Bank of America Merrill Lynch executive John Thiel’s move last week to call for a “best interest” standard of care and for working with the Labor Department marks a turning point in the debate over a fiduciary standard, industry observers and proponents of a uniform standard said.

Rather than treating it as a “force to be reckoned with,” Merrill Lynch has turned the fiduciary standard into a competitive advantage, said Blaine Aikin, chief executive of fi360, a fiduciary consulting firm. Betting on a controversial proposal from the Labor Department also gives more credibility to the wirehouse’s push for goals-based wealth management and puts pressure on other major brokerage firms to speak up, Mr. Aikin and others said.

“They’re saying, ‘We’re not afraid of that [best-interest standard]. That’s how we think the business should be run, and we’re not afraid,’” said Barbara Roper, director of investor protection at the Consumer Federation of America.

In voicing his support of that standard, Mr. Thiel broke ranks from top executives at other wirehouses. Indeed, those executives have all said they support a best-interest standard in theory, but have refrained from going so far as to support the DOL proposal.

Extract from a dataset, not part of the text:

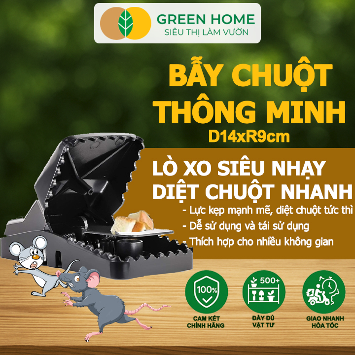Thông số kỹ thuật Bẫy Chuột Thông Minh Greenhome, D14xr9cm, Lò Xo Độ Nhạy Cao, Lực Gấp Mạnh, Dễ Dùng, Hiệu Quả Cao, Tái Sử Dụng Nhiều Lần

The Securities Industry and Financial Markets Association has said the DOL’s proposal would limit the industry’s ability to serve mass-affluent clients because it would hamper their ability to receive commissions. It has offered support for the SEC coming up with a rule, as long as it can preserve certain elements of the brokerage business model.

That stance against the DOL, however, has drawn criticism and painted Wall Street as being opposed to investor interests. A New York Times story from June last year was titled “Brokers Fight Rule to Favor Best Interests of Customers”. The issue gained more attention when President Barack Obama said that conflicted advice was costing Americans billions.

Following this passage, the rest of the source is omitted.